31 Fusion
When Combining Operations Beats Separating Them
Every memory round-trip has a cost. If you write to memory just to read it back, you’ve paid twice for nothing.
Fusion eliminates these round-trips by combining operations into a single pass.
31.2 What Is Fusion?
Fusion combines multiple operations into a single kernel:
Fused kernel: Read x from HBM → Wx+b → relu → dropout → Write to HBM
One read, one write. The intermediates stay in registers or shared memory, never touching HBM.
The benefit scales with arithmetic intensity.

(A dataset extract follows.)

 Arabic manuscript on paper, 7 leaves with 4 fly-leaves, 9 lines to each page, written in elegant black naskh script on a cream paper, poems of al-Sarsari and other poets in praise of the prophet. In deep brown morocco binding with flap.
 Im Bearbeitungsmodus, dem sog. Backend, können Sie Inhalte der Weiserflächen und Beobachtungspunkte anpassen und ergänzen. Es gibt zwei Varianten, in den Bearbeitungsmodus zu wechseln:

Operations with low arithmetic intensity (element-wise, small reductions) benefit most because memory traffic dominates their runtime.
31.3 When Fusion Helps
Not all operations benefit equally from fusion.

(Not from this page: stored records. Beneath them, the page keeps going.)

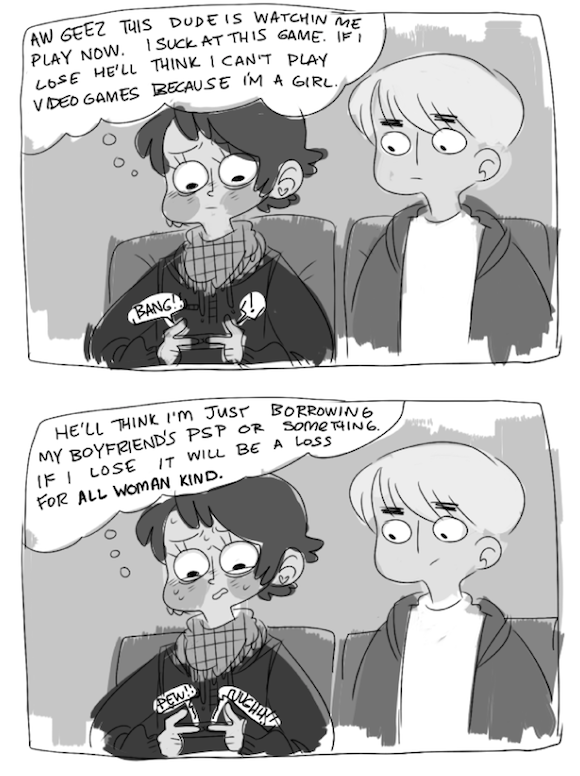 Only two panels into this comic and my inner voice was already screaming “YES. YES EVERY TIME I PLAY IN FRONT OF STRANGERS.” See also: “I better not choose to be the singer in our Rock Band group even though I sing really well because people will assume I can’t play any of the other instruments because I’m a girl and don’t play games,” and “If I pick a Wario game for the PAX East freeplay area because I’m really curious about them will some dude think it’s evidence that girls don’t play hardcore games?” Because I know how it works. It’s absurd, as Sailor Swayze points out by the punchline, how this preconception can make you feel like the full weight of female gamer acceptance rests on the outcome of a single match or moment of your own gameplay.
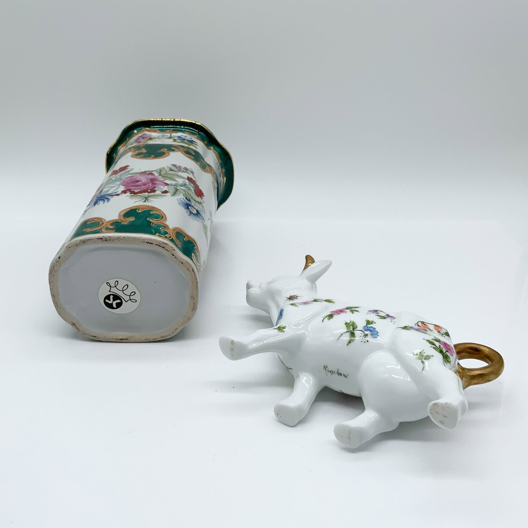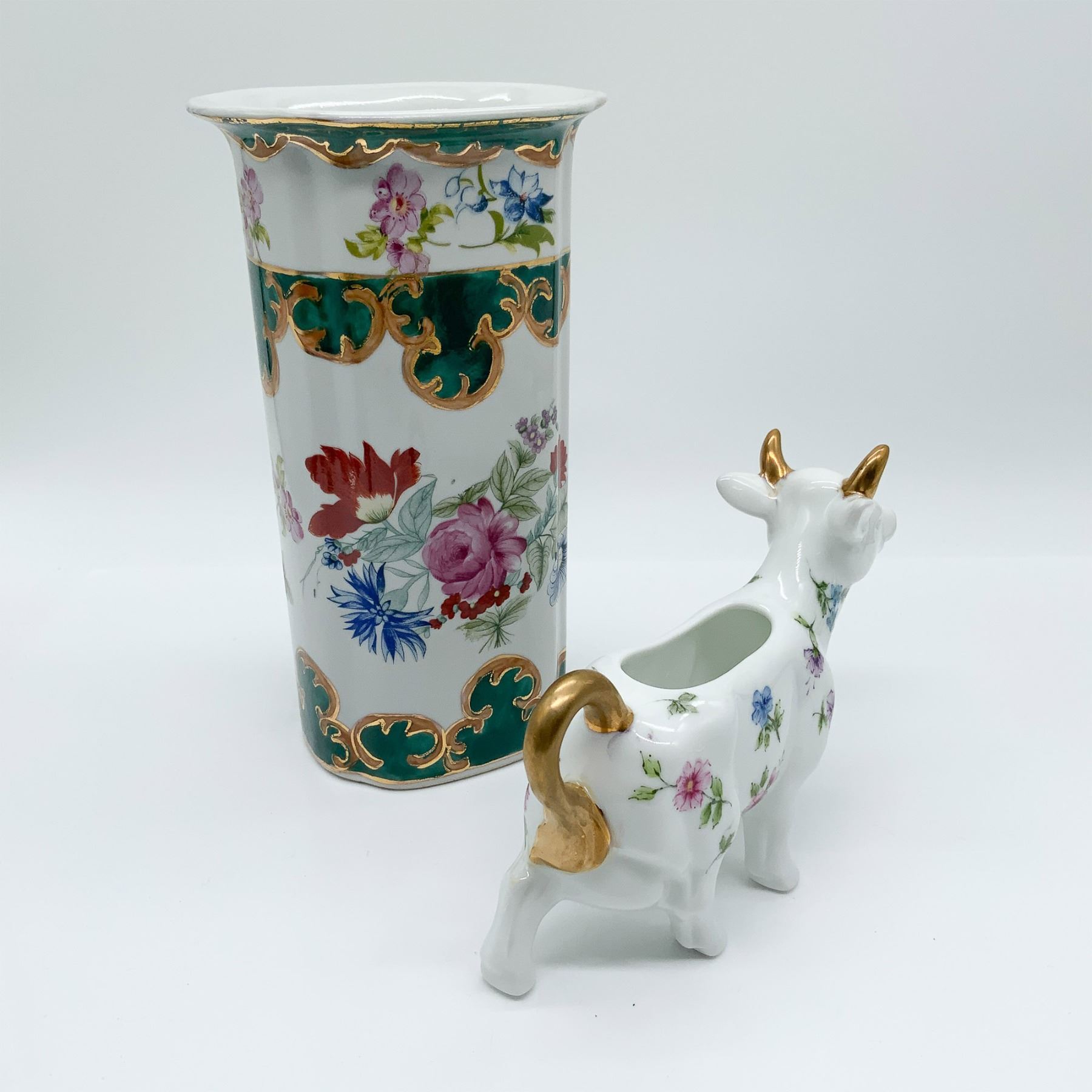 A charming pair of porcelain decorative items featuring a milk cow creamer and a tall vase. The milk cow creamer is adorned with delicate floral patterns and gold accents, with a backstamp reading "Renshaw." The tall vase is decorated with vibrant floral motifs and intricate gold detailing on a green band. The tallest item in the lot is 8 inches in height, making this a delightful addition to any collection or home décor.
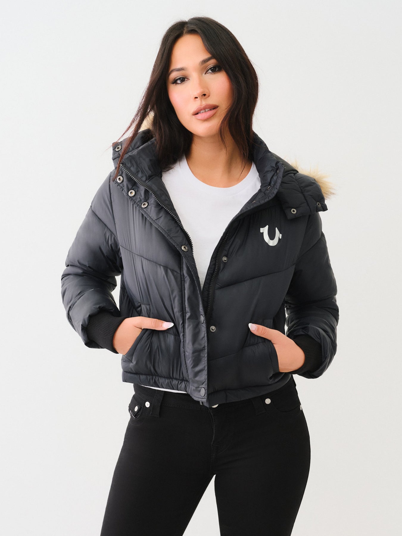 Stay warm and stylish with the True Religion Fur Trim Puffer Jacket in Jet Black. Designed to provide exceptional insulation, this jacket features a plush fur-trimmed hood that adds both luxury and extra protection against chilly winds. Its sleek black finish offers a versatile look that effortlessly complements any outfit, making it your go-to choice for cold-weather days. Durable and comfortable, this jacket combines fashion and function for all your winter adventures.
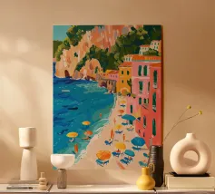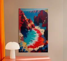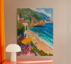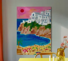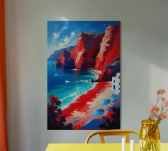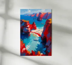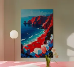 Quest'opera d'arte offre un'energica rappresentazione della Spiaggia Rossa di Santorini, con le sue imponenti scogliere rosse e il mare blu intenso. Le barche scivolano sulle acque calme, mentre i frequentatori della spiaggia si godono le coste assolate. Lo stile audace ed espressionista enfatizza il contrasto tra le rocce rosso fuoco e i toni sereni e freddi dell'acqua. Catturando sia la vivacità che la serenità di questa famosa destinazione, il dipinto dà vita all'essenza di una perfetta fuga nel Mediterraneo.

31.3.1 High Benefit: Element-wise Chains
y = torch.sigmoid(x) * torch.tanh(x + 1)Without fusion: 4 memory round-trips (read x twice, write twice) With fusion: 1 read, 1 write
Speedup: often 3-4× or more.
31.3.2 High Benefit: Small Reductions Following Compute
loss = F.cross_entropy(logits, labels)Cross-entropy computes softmax then log then reduction. Fusing prevents materializing the softmax probabilities.

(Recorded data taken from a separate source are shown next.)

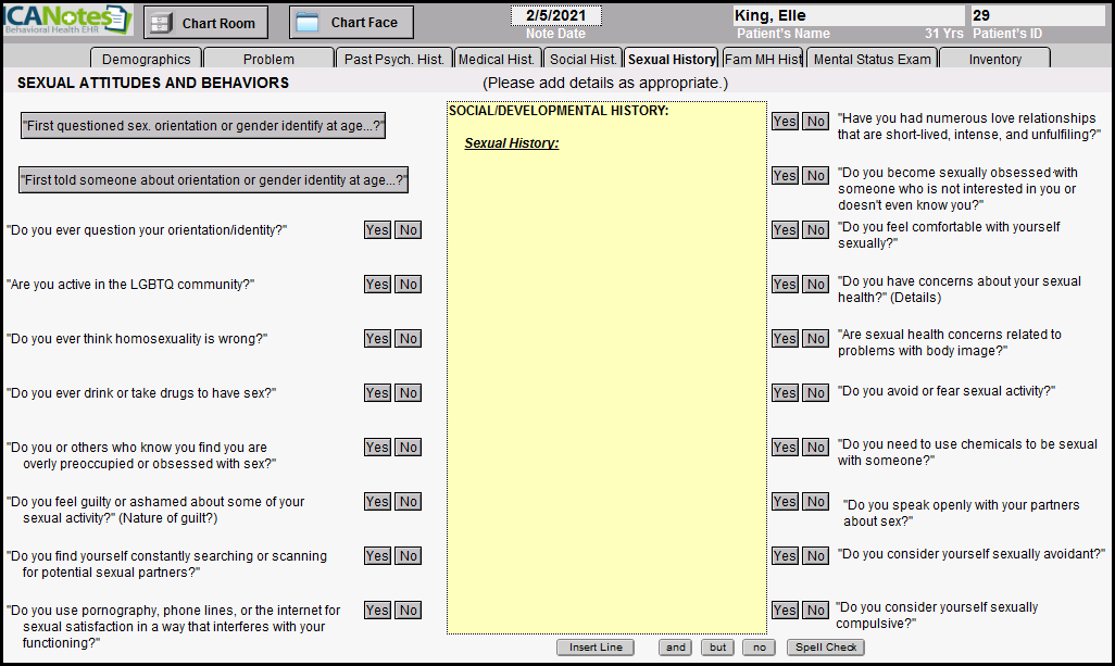 The Sexual History Tab is not available for Prescribers, this tab focuses on behaviors relating to the patient's sexual history.
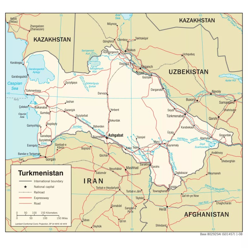 This listing is for a large, clear print of a map of Turkmenistan.
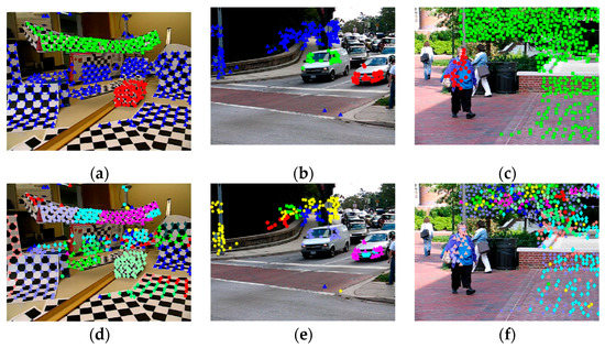 Sample results in video sequences of the KT3DMoSeg dataset with the proposed method, with the different motions labeled with points of different colors and shapes. (a) Seq005_Clip01, (b) Seq009_Clip03, (c) Seq013_Clip02, (d) Seq113_Clip01, (e) Seq005_Clip01, (f) Seq071_Clip01.
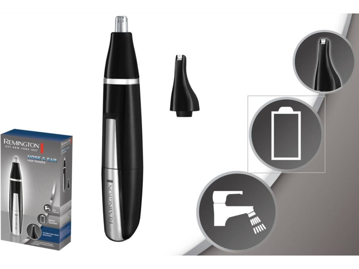 Batteridrevet næse- og ørehårstrimmer med roterende hoved samt et lodret hoved, der gør det nemt at ordne øjenbryn, overskæg og skæg.
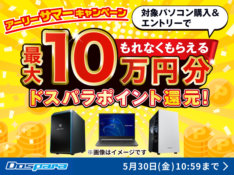 ドスパラ「夏のボーナス先取りキャンペーン」開催! 対象PC購入&エントリーでドスパラポイント最大10万円分もれなく還元
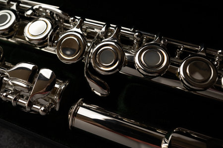 Detail of a Western concert flute, black background

31.3.3 Moderate Benefit: LayerNorm and Softmax
x = F.layer_norm(x, normalized_shape)LayerNorm computes mean, variance, normalization, and affine transform. Fusing keeps statistics in registers.
31.3.4 Low Benefit: Large Matrix Multiplies
y = x @ WMatrix multiply already has high arithmetic intensity. It’s compute-bound, not memory-bound. Fusion helps the operations around matmul, not matmul itself.
31.4 The Fusion Hierarchy
Fusion can happen at different levels:
31.4.1 Level 1: Manual Fused Kernels
Hand-written CUDA kernels combining specific operations:
__global__ void fused_linear_relu(float* output, float* input,
float* weight, float* bias, int n) {
int idx = blockIdx.x * blockDim.x + threadIdx.x;
if (idx < n) {
float val = 0;
for (int j = 0; j < d; j++) {
val += input[j] * weight[idx * d + j];
}
val += bias[idx];
output[idx] = val > 0 ? val : 0; // ReLU fused in
}
}
Pros: Maximum control, maximum performance. Cons: Combinatorial explosion of kernel variants. Can’t fuse arbitrary combinations.
31.4.2 Level 2: Pattern-Based Fusion
Frameworks recognize common patterns and use pre-fused kernels:
# PyTorch recognizes this pattern
x = F.linear(x, weight, bias)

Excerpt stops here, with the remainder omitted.